A second interesting encounter occurs when Spurlock hits the streets of Israel and enters a Hasidic area and tries to pose some questions to the men on the street. First, he is ignored. Then he is berated. Soon, one raving man tells him that he should not be here and he should go. He is quickly surrounded by a mob of black coats and top hats. While this may not be considered a general reaction, it shows a level of distrust and secrecy in the group and their inability to deal civilly with outsiders. A local cop comes in to stop the brouhaha but it does not stop before this very angry move shoves the police officer. It is just the other side’s way of reacting to their media treatment and their desire to keep whatever opinions they have to themselves.

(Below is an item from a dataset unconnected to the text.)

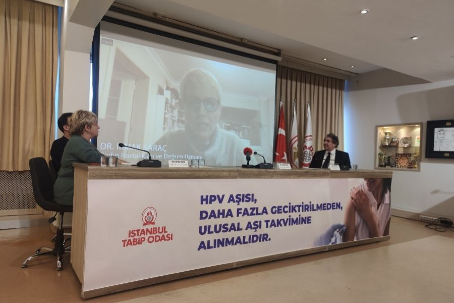 Açıklama öncesinde TTB Kadın Sağlığı Kolu’ndan Irmak Saraç’ın HPV aşısı hakkında bilgi verdiği bir video gösterildi. Rahim ağzı kanserinin dünyada kadınlarda en sık görülen 4. kanser olduğunu ifade eden Saraç, “En çok kanserle ilişkilendirilen iki tip HPV virüsü tip 16 ve tip 18’e karşı aşı, 2016’da FDA tarafından onaylandı, hızlıca Türkiye’ye geldi” dedi. Bu aşıların kansere karşı yüzde 90 oranında koruyucu olduğunu aktaran Saraç, “Aşı 15 yaş altına uygulandığında çok daha koruyucu. Ancak 15 yaşa kadar aşı olunmadıysa 26 yaşa kadar, sonrasında ise riskli gruplara uygulanabilir. Aşının arkasından etkin tarama testi yapılmalıdır. Tüm aşılarda olduğu gibi HPV aşısına da karşı görüş bildiren kişiler var ancak güvenlik testlerinde herhangi bir olumsuz bulgu elde edilmedi” ifadelerini kullandı.

Spurlock also visits an army base where he takes a tour around Afghanistan. The soldiers let him fire weapons on the training sites and even take him to visit the locals in an area occupied mostly by the Taliban. It seems like Spurlock got a nice amount of cooperation from the US Government in order to tag along through these areas. His attempt to visit with the locals is interrupted by some hairy moments when the soldiers tell him that they are hearing reports that the Taliban may be on their way to the area. This is not the only highly hostile area Spurlock visits. The film has a very enlightening segment on the fight over the West Bank as well.
One advantageous editing choice made for the film is that the interviews are shown in full and don’t go back and forth, section by section, like many documentaries.It allows you to easier get the full feeling and story of each person speaking. Spurlock seems to ask very similar questions throughout to accrue comparative answers that allow the audience to see the variance of opinions on a range of topics. But many topics have a consensus, especially the US. Most answer that they hate the country but not the people in it, which is understandable. They are very open for the most part with their feelings and seem genuinely interested in answering the questions.
Where in the World is Osama Bin Laden is the perfect package of pop Middle East information, flowing evenly in under 90 minutes, perfect for the modern attention span. Best of all, people will enjoy it and think about it. They won’t walk out overburdened with facts and opinions.They will empathize with the people in these nations, the people in the middle of conflicts that they personally did not cause. And most of all, it makes you realize how good we have it in America. The Towers may have come down but we don’t live in a War Zone even if the Bush administration might insinuate that at times.